Lesson 9 – Changing Yourself
Negative vs. Positive Interactions
Can you change other people? NO. Can you change your reaction to them? YES.
Manager: “Why can you never do the invoices the way I want them done?
Bookkeeper: “Because you keep changing your mind about how you want them done.”
Manager: “No, it’s because you don’t listen to me.”
Manager: “Can you tell me why these invoices aren’t showing a due date on them?”
Bookkeeper: “Because you keep changing your mind about how you want them done, and I wasn’t sure what you wanted.”
Manager (Option One): “I hadn’t realised I’d been sending you mixed messages. What are the contradictory instructions I’ve given you?”
Manager (Option Two): “When that happens, I’d like you to feel free to ask me and to get some clarification. Then you’ll know what to do, and I will be happy with the invoices.”
“If it is to be, it’s up to me.” You are the one in the best position to change a negative cycle to a positive one. But that isn’t likely to happen if you don’t have a plan in mind ahead of time. Our spur of the moment reactions are all too often wrong.
Think of one of the people with whom you have a performance problem, and with whom you have difficulty communicating. You can use the five-step process as a guide any time you have a tough meeting coming up with an employee or with a client.
However, let’s be realistic. The best laid plans of mice and men (and managers) do not all turn out as well as we’d like. Use these questions for discussion:
- When should you call for a time out? Answers might include when you are getting emotional, when you have been asked a tough question for which you aren’t prepared, or when the other person is emotional or unprepared.
- When should you walk away from a client, or when should you decide “enough is enough” when you are considering employee performance?
- Does this organisation need a policy for dealing with those difficult people who heap verbal abuse on employees?
Dealing with Negative Feelings
Put yourself in charge of you.
Take a leaf out of Eleanor Roosevelt’s book and refuse to beat up on yourself or make yourself a victim in these situations.
Be pro-active rather than reactive: notice what is going on around you, and when possible deal with potential problems right away. (For example, you can plan important meetings with staff and others to ensure issues are addressed before they explode.)
Become more aware of what you tell yourself both before and after dealing with a difficult situation.

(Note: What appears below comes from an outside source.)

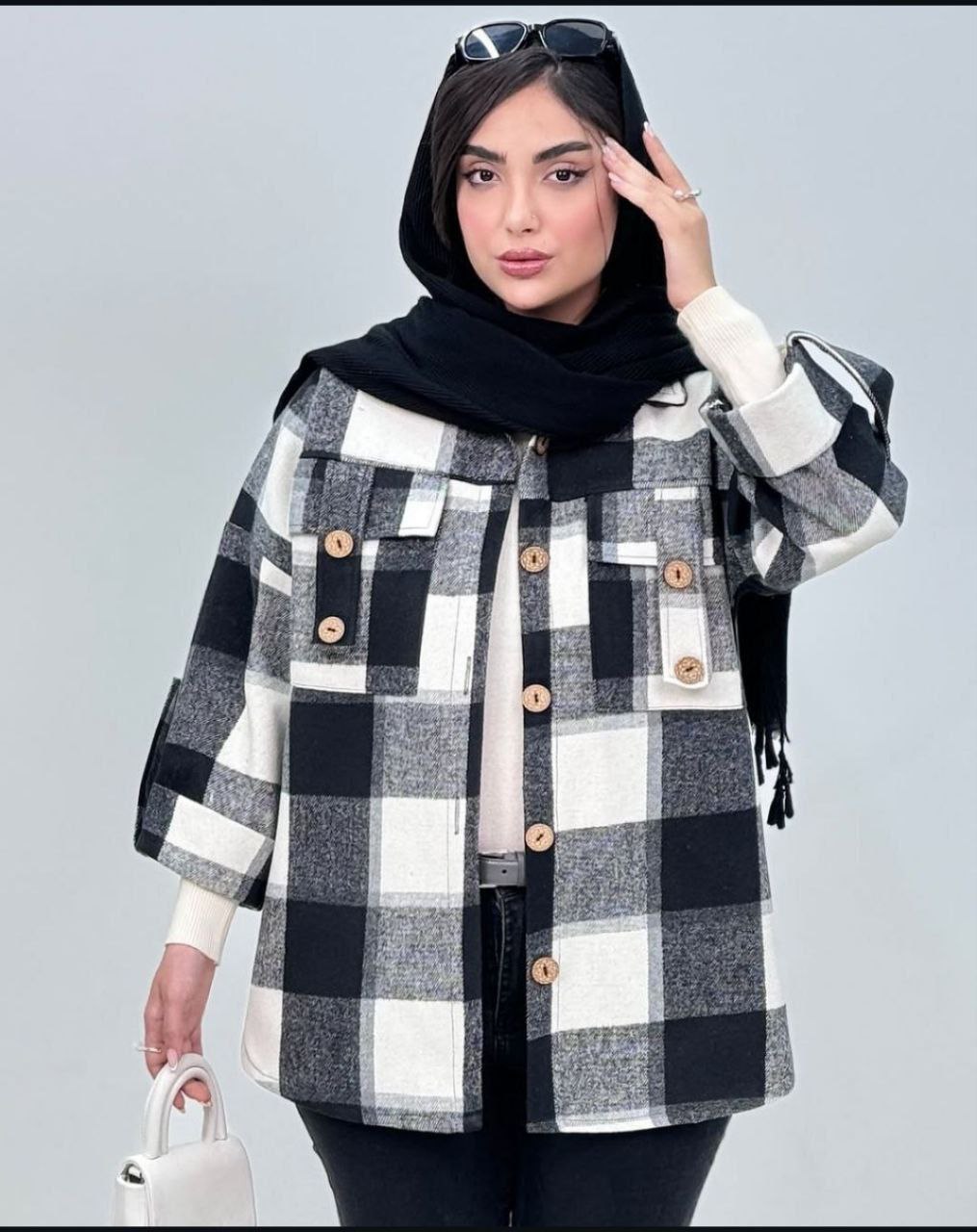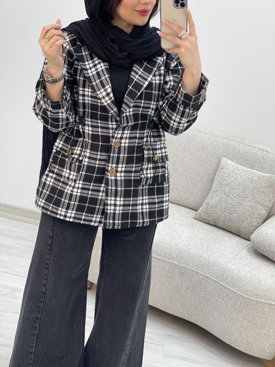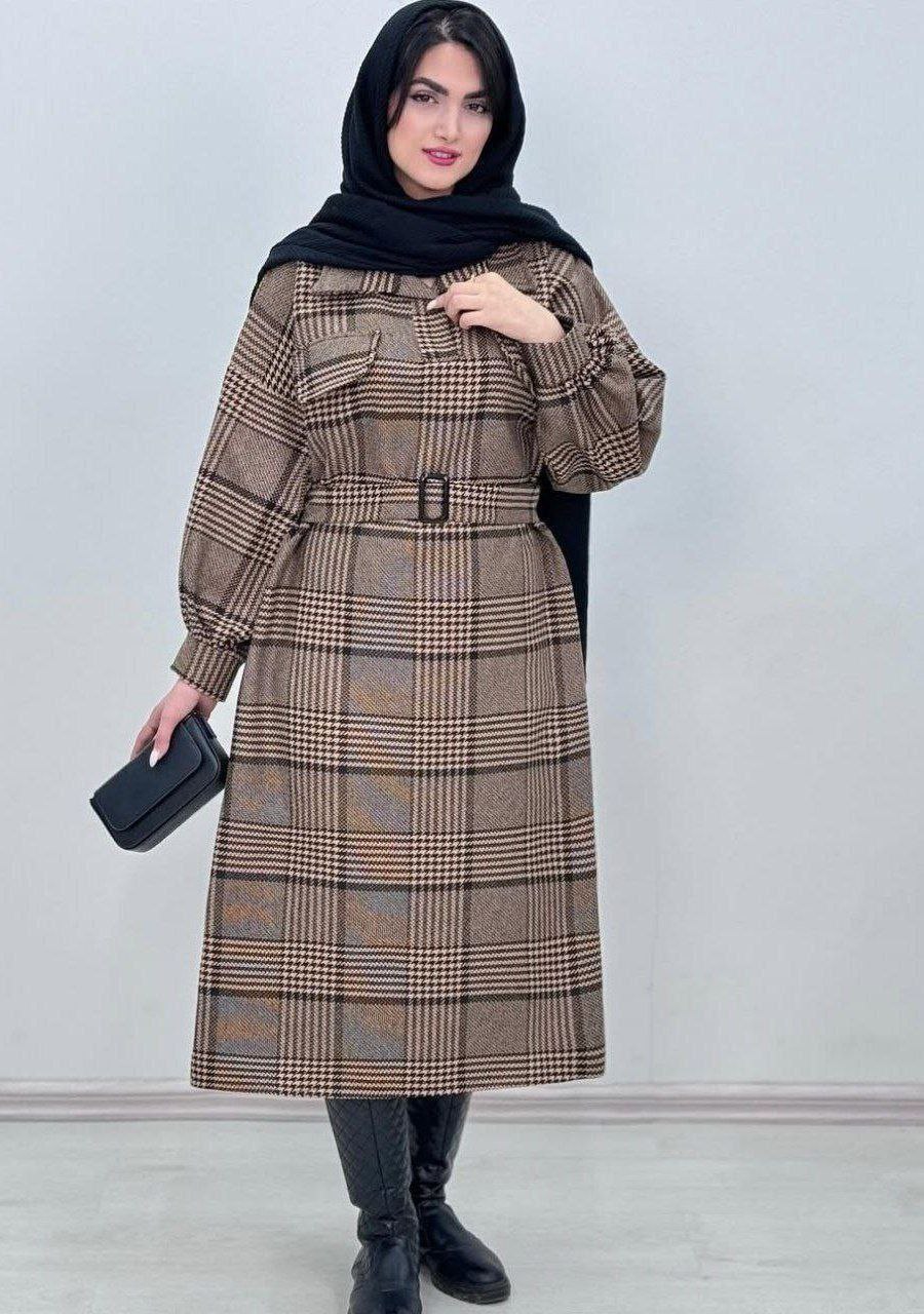 پالتو چهارخونه فوتر پشمی یقه انگلیسی

Remember the reality of self-expectancy.
Be in control.
Plan how you will handle the situation and visual yourself feeling in control. After a situation has been handled, analyse it, learn from it, and put it aside. If you still feel angry after you have dealt with a situation, use that anger constructively to clean your office, or let it propel you out the door for a walk.
Work on your sense of humor.
Research tells us that laughter is a proven method for dispelling stress and feeling better about the world.
Have a support team.
The most important thing you can do to deal with your negative feelings is to have a support group, people you can go to and just talk about how you feel. In this organisation, do you feel you have that kind of support? Do employees and clinicians have that kind of support? (This is very different from gossiping; confidentiality is a big factor here.)
However great your support system is at home, others will rarely be able to understand just how you feel as well as someone who is working within the same culture and walking in a similar pair of shoes. Part of your action plan for the end of today may be to work with others to create a safe haven (a partner or confidante or some other support mechanism) where you can let off steam and pent up emotion.